* ENTRIES SHOWN
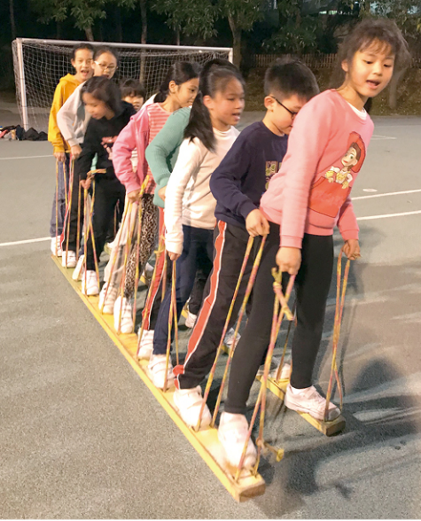
● 歷奇活動讓學生嘗試了很多的第一次。
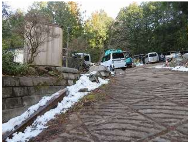
建材店の敷地を通る許可頂きました
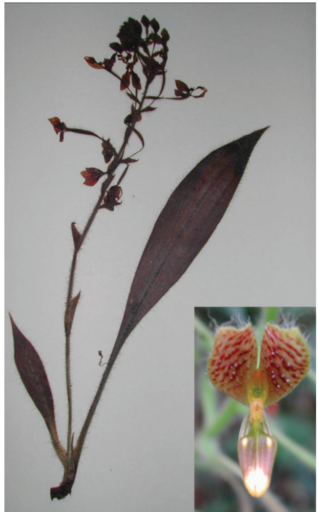
Figura 2. Ejemplar de Ponthieva brenesii (G. Castillo C. et al. 21370), y acercamiento de una flor.

El género Piper tiene aproximadamente 2 000 especies pantropicales (Mabberley, 1997), y de todas las especies americanas sólo 8 presentan el hábito trepador (Tebbs, 1989). En el estado de Veracruz se han registrado casi 90 especies (Sosa y Gómez-Pompa, 1994), aunque ninguna con hábito trepador. Piper xanthostachyum (Fig. 3) es una planta trepadora sobre troncos de árboles, alcanza hasta 15 m de altura, sus tallos son glabros, con ramas nudosas y
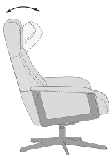
SUJECIÓN MEDIANTE FRICCIÓN DE LA CABEZA Y LA NUCA
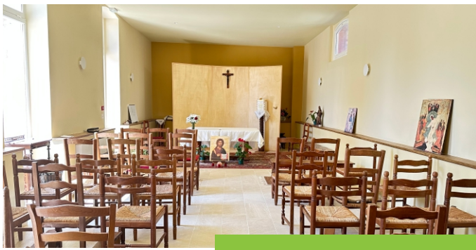
LE COEUR DE LA CHAPELLE
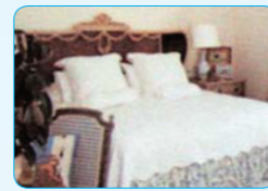
숙박시설 호텔, 레저텔, 여관, 모텔 등
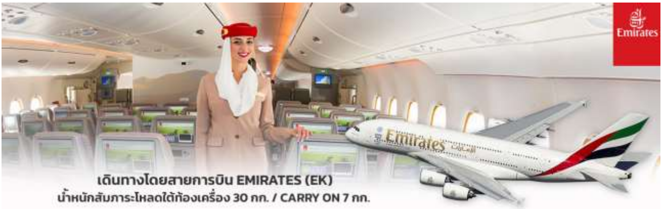
เดินทางโดยสายการบิน EMIRATES (EK) น้ำหนักสัมภาระ:โหลดใต้ท้องเครื่อง 30 กก. / CARRY ON 7 กก.
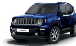
435 Blue Shade (pastelowy)
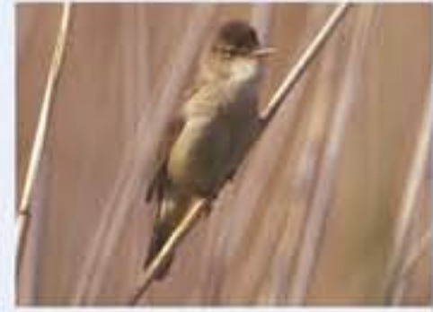
Steinbrunnen ( Acrocephalus scirpaceus , engl. Reed Warbler), Brutvogel, April bis Oktober

* REQUIREMENT
When you come to the line containing "숙박시설 호텔, 레저텔, 여관, 모텔 등" in the records above, repeat that line and all lines after it exactly, but not the pictures.

* TASK ANSWER
숙박시설 호텔, 레저텔, 여관, 모텔 등
เดินทางโดยสายการบิน EMIRATES (EK) น้ำหนักสัมภาระ:โหลดใต้ท้องเครื่อง 30 กก. / CARRY ON 7 กก.
435 Blue Shade (pastelowy)
Steinbrunnen ( Acrocephalus scirpaceus , engl. Reed Warbler), Brutvogel, April bis Oktober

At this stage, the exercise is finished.